Data extracted from a collection
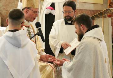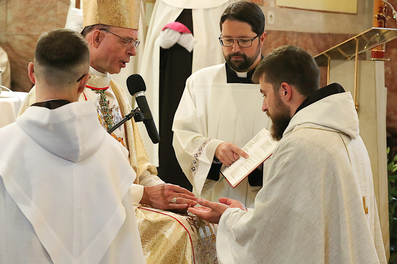 V Bazilike sv. Emeráma prijal z rúk nitrianskeho biskupa Viliama Judáka kňazskú vysviacku Lukáš Frank a Dominik Tisovský. Snímka: Marek Mucha
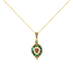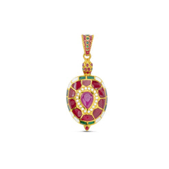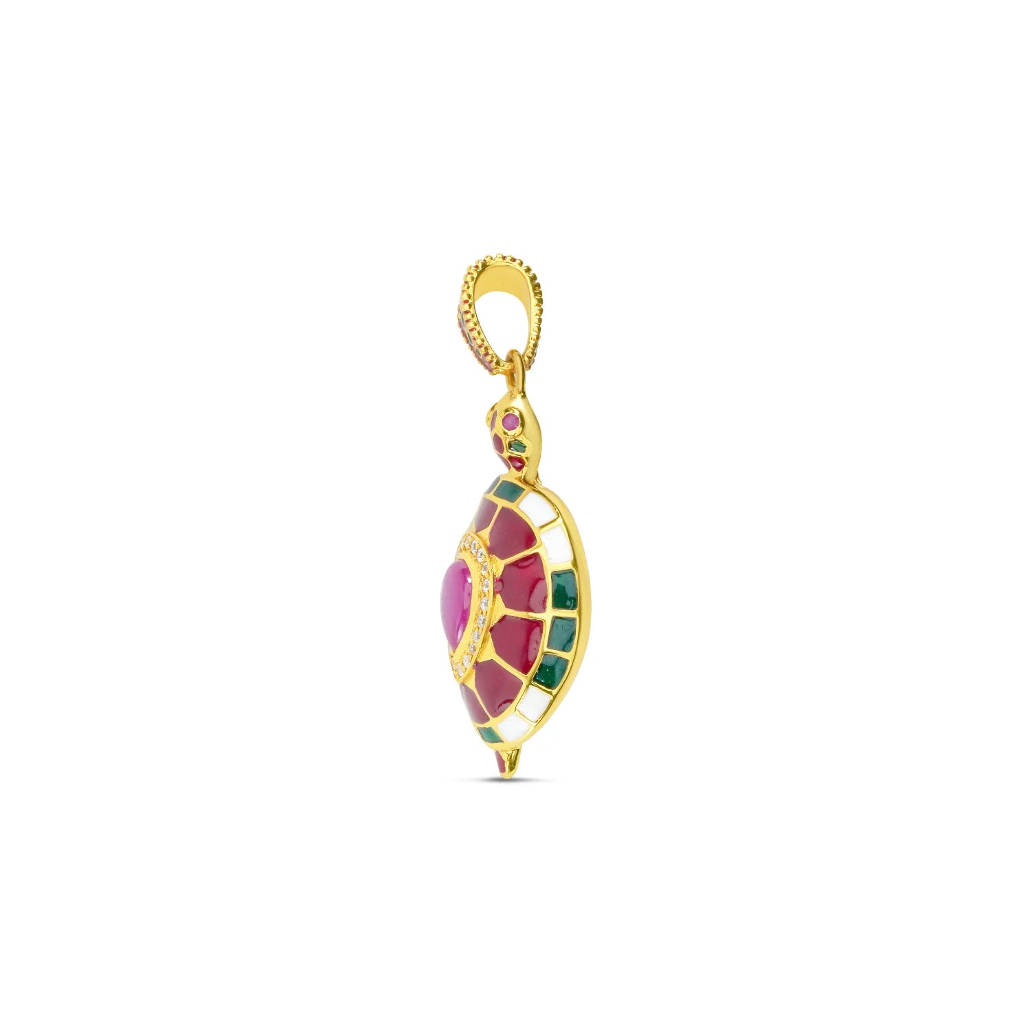 A symbol of wisdom, protection, and timeless beauty, the Turtle Glam pendant is a celebration of nature rendered in fine artistry. Crafted in Gold plated Silver, the pendant features a richly detailed shell adorned with deep enamel accents, punctuated by delicate highlights. At its heart rests a pear shaped Ruby, encircled by a halo of shimmering Quartz that add a soft, radiant brilliance. The turtle, long revered as a guardian and bearer of longevity, lends this piece a deeper meaning, making it not just an adornment, but a talisman of calm strength and enduring grace. This pendant is perfect for everyday elegance or as a statement of quiet luxury. A piece that blends heritage-inspired design with contemporary finesse, designed to be cherished for years to come.
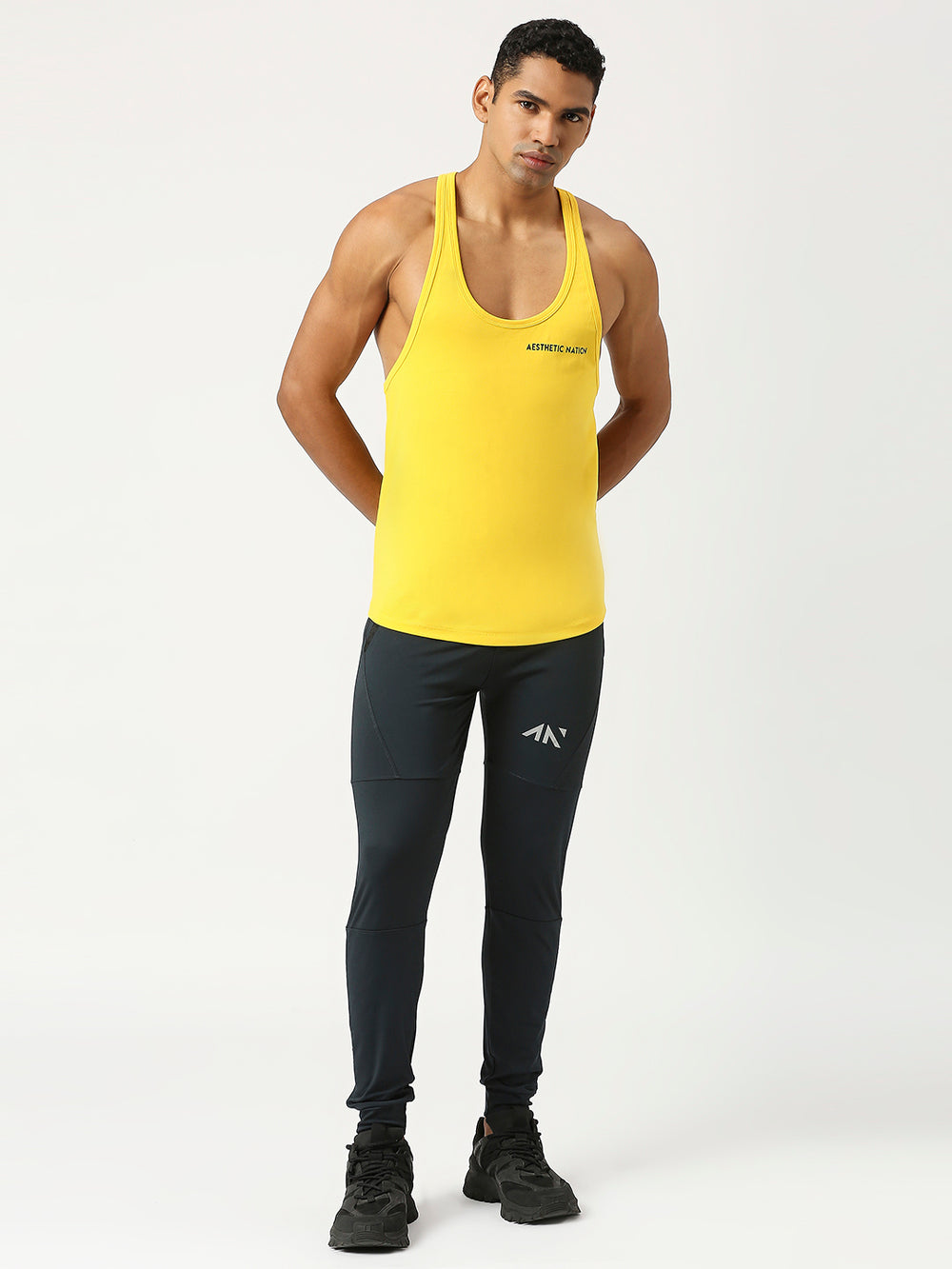 मॉडल विवरण: एस्थेटिक नेशन मॉडल: 6 फीट लंबा, 39.5 इंच छाती, साइज एम पहने हुए।
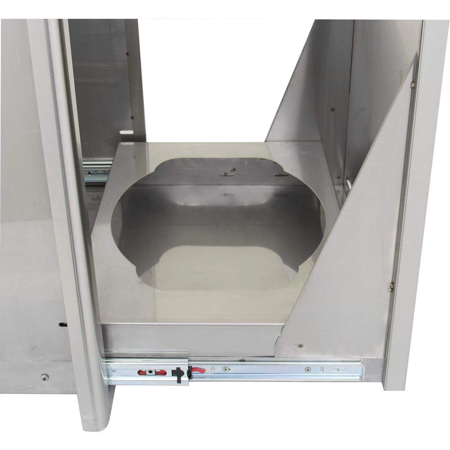- Trash/LP Tank Drawer – Roll-out drawer stores a standard 20 lb. propane tank or kitchen-sized trash can
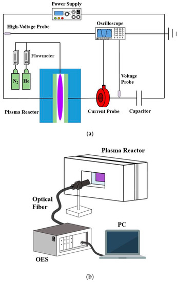 The schematic diagrams of (a) the experimental configuration; (b) the measurement of the emission spectrum with an optical emission spectrometer (OES).

→ **Action item**
Print all the records exactly, minus any images.

→ **Expected output**
 V Bazilike sv. Emeráma prijal z rúk nitrianskeho biskupa Viliama Judáka kňazskú vysviacku Lukáš Frank a Dominik Tisovský. Snímka: Marek Mucha
 A symbol of wisdom, protection, and timeless beauty, the Turtle Glam pendant is a celebration of nature rendered in fine artistry. Crafted in Gold plated Silver, the pendant features a richly detailed shell adorned with deep enamel accents, punctuated by delicate highlights. At its heart rests a pear shaped Ruby, encircled by a halo of shimmering Quartz that add a soft, radiant brilliance. The turtle, long revered as a guardian and bearer of longevity, lends this piece a deeper meaning, making it not just an adornment, but a talisman of calm strength and enduring grace. This pendant is perfect for everyday elegance or as a statement of quiet luxury. A piece that blends heritage-inspired design with contemporary finesse, designed to be cherished for years to come.
 मॉडल विवरण: एस्थेटिक नेशन मॉडल: 6 फीट लंबा, 39.5 इंच छाती, साइज एम पहने हुए।
- Trash/LP Tank Drawer – Roll-out drawer stores a standard 20 lb. propane tank or kitchen-sized trash can
 The schematic diagrams of (a) the experimental configuration; (b) the measurement of the emission spectrum with an optical emission spectrometer (OES).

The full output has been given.